### Exercise directions
Transcribe the records word for word. Leave every picture out.

────────────────────────────────────────

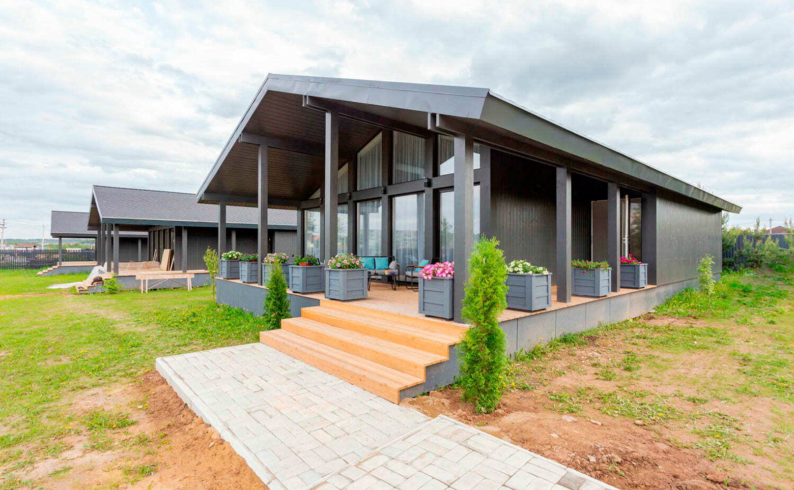 Проект представляет собой коттеджный поселок с участками от 6 соток и каркасными домами с фасадом, выполненным из дерева, построенными в едином архитектурном стиле.
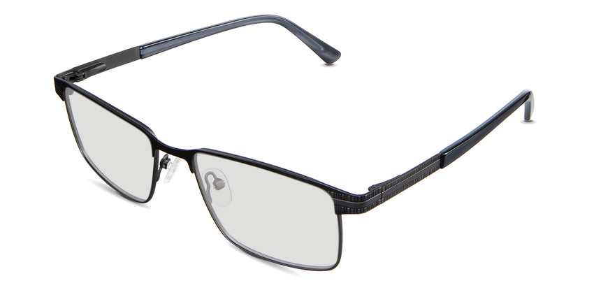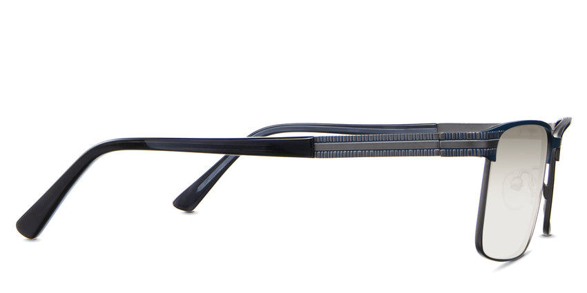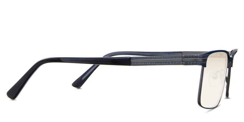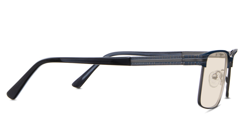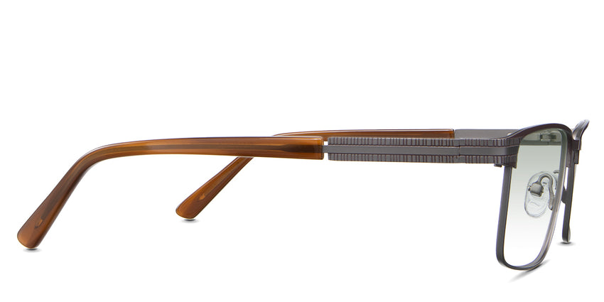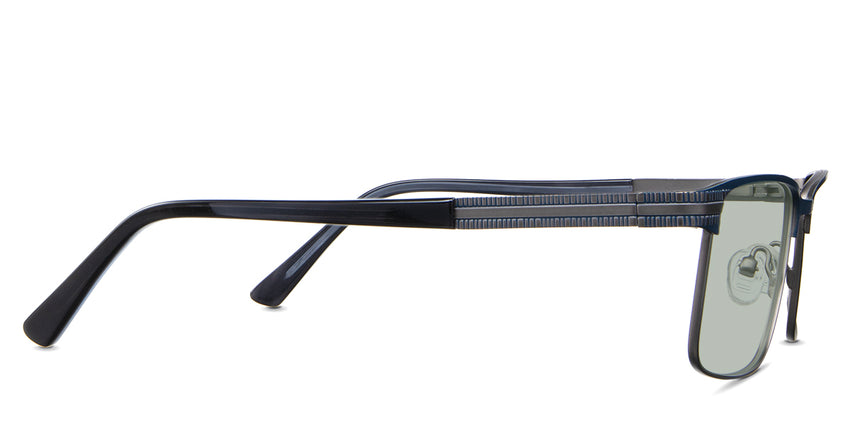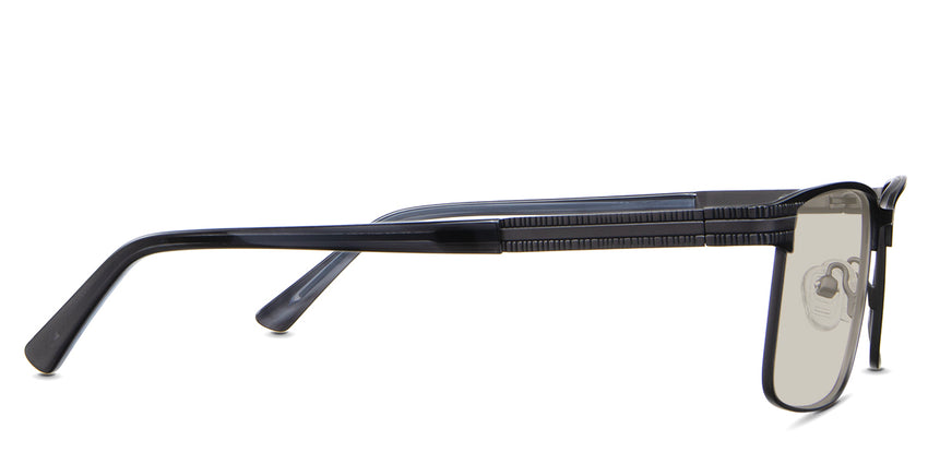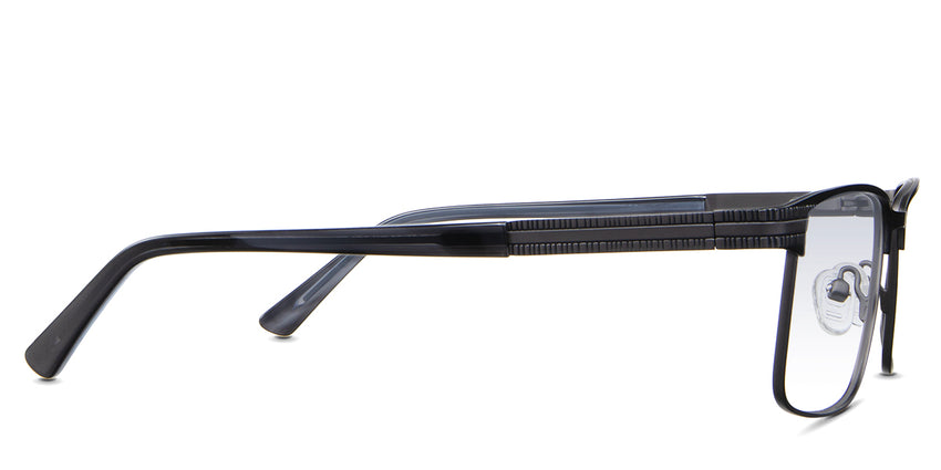 The Benge is a rectangular frame that radiates authority. Its rectangular silhouette and straight bridge speak of unwavering confidence, ensuring you're noticed in every setting. Yet, it's the understated linear ribbed texture on the temples that adds a tactile dimension to this powerhouse. Trace your fingers along, and you'll instantly feel the power of design.
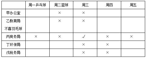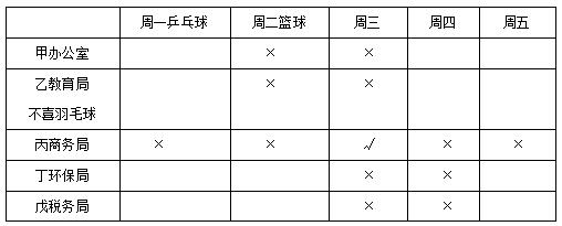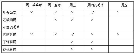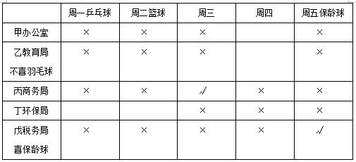 【答案】C【解析】根據(jù)上表可知,丙在商務(wù)局工作,周三休息,不可能喜歡乒乓球和籃球,只有C項(xiàng)符合。
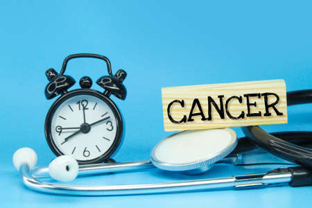 Stethoscope, alarm clock with the word cancer on a wooden board
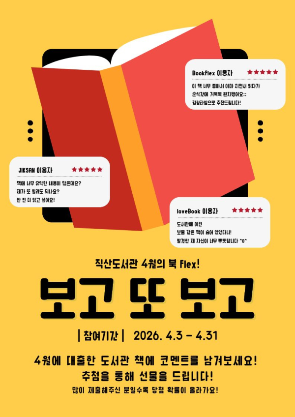 이달에는 자유롭게 서평을 남겨보는 ‘보고 또 보고’를 운영, 도서관에서 책을 빌린 후 직접 별점을 매기거나 서평을 적어 통합데스크 또는 전용 응모함에 제출하면 추첨을 통해 소정의 선물을 증정할 예정이다.
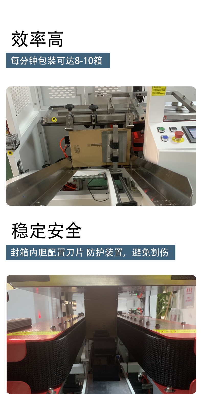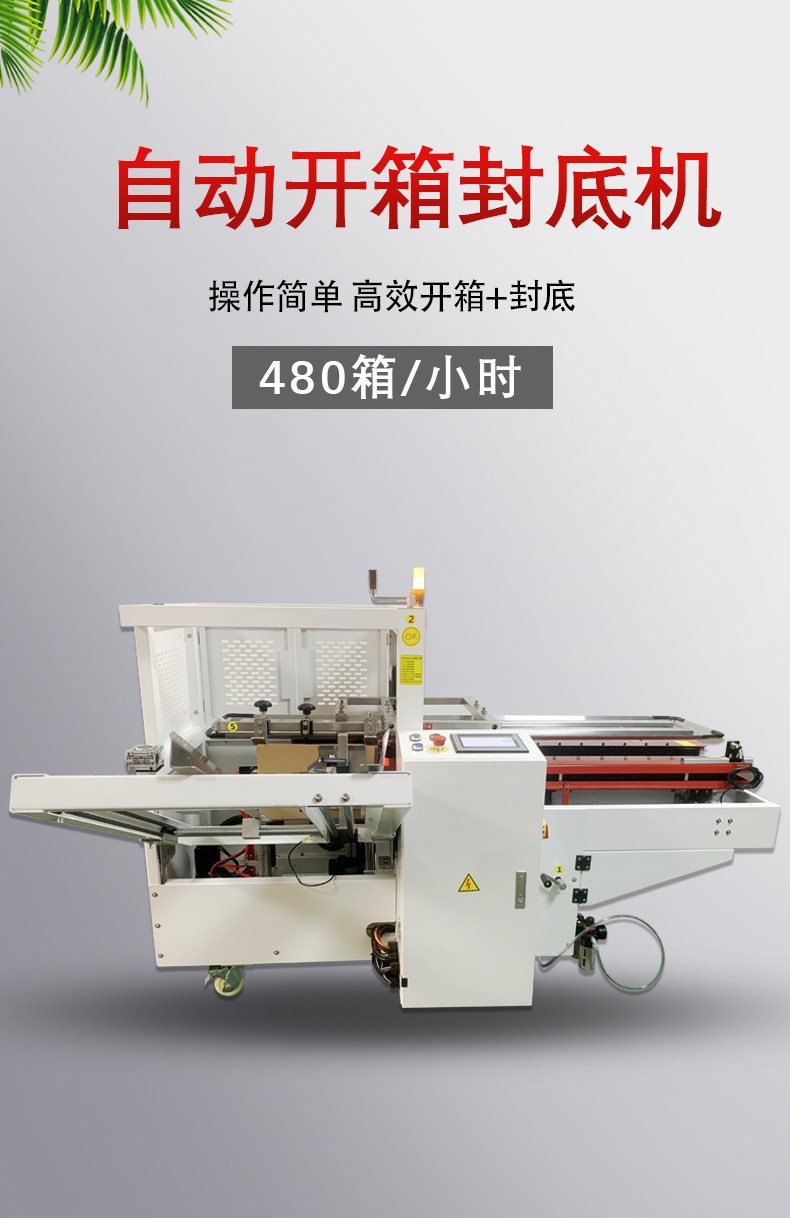 自動(dòng)開(kāi)箱封底機(jī)作為自動(dòng)化包裝設(shè)備的核心組成部分,其優(yōu)勢(shì)主要圍繞生產(chǎn)效率提升、成本控制、包裝質(zhì)量穩(wěn)定、操作便捷性及場(chǎng)景適應(yīng)性展開(kāi),具體可拆解為以下六大核心優(yōu)勢(shì):
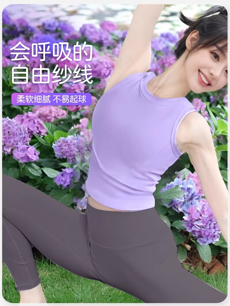 Shuangxiu Beautiful Yoga Wear Women's Top Purple Dopamine High-Level Feeling Pilates Training Wear Vest Set with Chest Pad Black Top XL 120-135
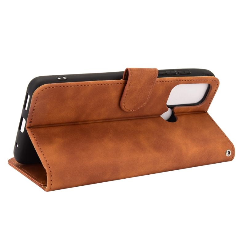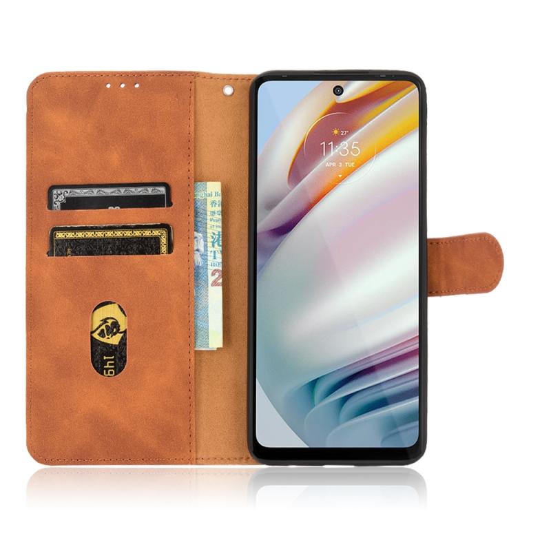 Θήκη για Motorola Moto G60 / G40 Fusion, μονόχρωμη, με αίσθηση δέρματος, μαγνητικό κούμπωμα, οριζόντια, με υφή μοσχαριού, από δερματίνη PU, με θήκη & υποδοχές καρτών & πορτοφόλι (Καφέ)

────────────────────────────────────────

### Written solution
 Проект представляет собой коттеджный поселок с участками от 6 соток и каркасными домами с фасадом, выполненным из дерева, построенными в едином архитектурном стиле.
 The Benge is a rectangular frame that radiates authority. Its rectangular silhouette and straight bridge speak of unwavering confidence, ensuring you're noticed in every setting. Yet, it's the understated linear ribbed texture on the temples that adds a tactile dimension to this powerhouse. Trace your fingers along, and you'll instantly feel the power of design.
 【答案】C【解析】根據(jù)上表可知,丙在商務(wù)局工作,周三休息,不可能喜歡乒乓球和籃球,只有C項(xiàng)符合。
 Stethoscope, alarm clock with the word cancer on a wooden board
 이달에는 자유롭게 서평을 남겨보는 ‘보고 또 보고’를 운영, 도서관에서 책을 빌린 후 직접 별점을 매기거나 서평을 적어 통합데스크 또는 전용 응모함에 제출하면 추첨을 통해 소정의 선물을 증정할 예정이다.
 自動(dòng)開(kāi)箱封底機(jī)作為自動(dòng)化包裝設(shè)備的核心組成部分,其優(yōu)勢(shì)主要圍繞生產(chǎn)效率提升、成本控制、包裝質(zhì)量穩(wěn)定、操作便捷性及場(chǎng)景適應(yīng)性展開(kāi),具體可拆解為以下六大核心優(yōu)勢(shì):
 Shuangxiu Beautiful Yoga Wear Women's Top Purple Dopamine High-Level Feeling Pilates Training Wear Vest Set with Chest Pad Black Top XL 120-135
 Θήκη για Motorola Moto G60 / G40 Fusion, μονόχρωμη, με αίσθηση δέρματος, μαγνητικό κούμπωμα, οριζόντια, με υφή μοσχαριού, από δερματίνη PU, με θήκη & υποδοχές καρτών & πορτοφόλι (Καφέ)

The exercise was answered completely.